Wednesday 12 January 2011

TERAPI EKSISTENSIAL

Titi Nurfatimah

Makalah Model-model Konseling

TERAPI EKSISTENSIAL

A. Pendahuluan

Pada bulan September 1942, seorang dokter muda, bersama dengan istrinya, ibunya, ayahnya, dan saudaranya ditangkap di kota Wina, dan kemudian ditahan di kamp konsentrasi Bohemia. Peristiwa inilah yang nantinya akan menggetarkan hidup dokter muda itu, dan membantunya untuk menemukan apa yang sungguh-sungguh bermakna didalam hidupnya.

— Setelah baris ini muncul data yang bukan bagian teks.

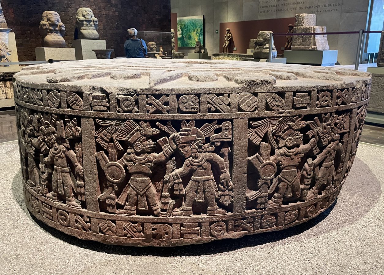 Carving of warriors in battle. Museum of Archeology, Mexico City.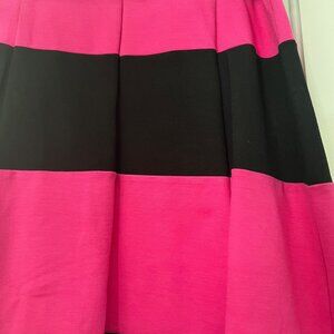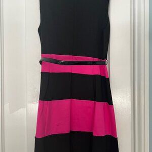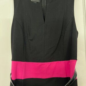 INC black and fucshia pink dress with faux patent leather black shiny belt. Size large. Approximate measurements are: Bust underarm to underarm 18", waist 16" and length 38.5". The dress does have a bit of about one inch of stretch.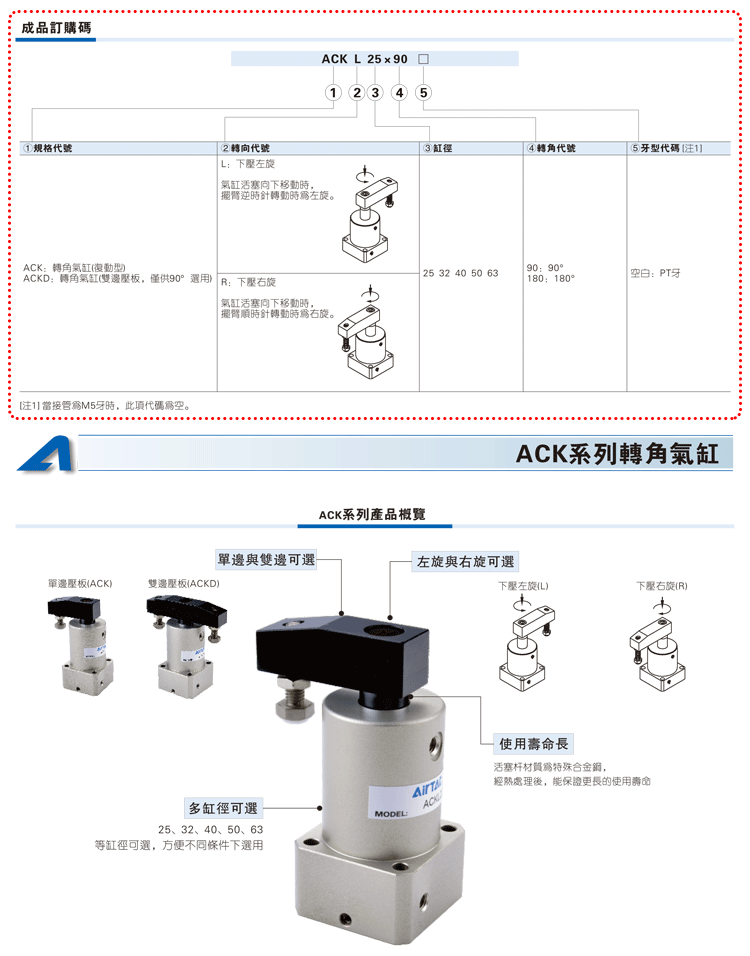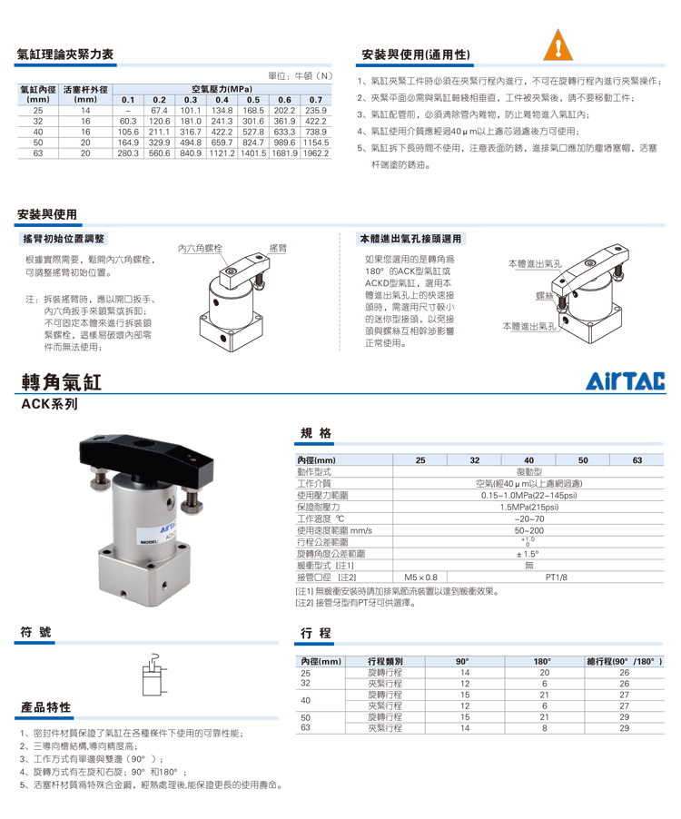 Airtac ACK corner downward pressure rotating cylinder ACKL/ACKR25/32/40/50/63X90 left-hand right-hand rotation ACKR25X90 right-hand rotation 90

Viktor Emil Frankl, MD Ph.D., itulah namanya. Lahir 26 Maret 1905 dan meninggal 2 September 1997. Ia adalah seorang neurolog dan psikiater Austria serta korban pada Kamp NASI Jerman yang selamat. Frankl adalah pendiri logoterapi dan Analisis Eksistensial, "Aliran Wina Ketiga" dalam psikoterapi. Bukunya, Man's Search for Meaning (pertama kali terbit pada 1946) mencatat pengalamannya sebagai seorang tahanan kamp konsentrasi dan menguraikan metode psikoterapisnya dalam upaya mencari makna dalam segala bentuk keberadaan, bahkan yang paling kelam sekalipun, dan dengan demikian juga alasan untuk tetap hidup. Frankl adalah salah satu tokoh utama dalam terapi eksistensial.

Terapi eksistensial berpijak pada premis bahwa manusia tidak bisa melarikan diri dari kebebasan. Kebebasan dan tanggungjawab itu saling berkaitan. Dalam prakteknya, terapi eksistensial dilandasi pada asumsi-asumsi filosofis. Terapi eksistensial berfokus pada kondisi manusia. Pendekatan ini mengutamakan sikap yang menekankan pada pemahaman bahwa eksistensi manusia.

B. Terapi Eksistensial

Berdasarkan kamus psikologi Chaplin, “Psikologi eksistensial adalah aliran psikologi dimana pokok persoalan psikologi adalah isi-isi kesadaran, yang harus diselidiki lewat metode introspeksi (mawas diri). Istilah eksistensi berasal dari akar kata ex-sistere, yang secara literal berarti bergerak atau tumbuh ke luar”[1].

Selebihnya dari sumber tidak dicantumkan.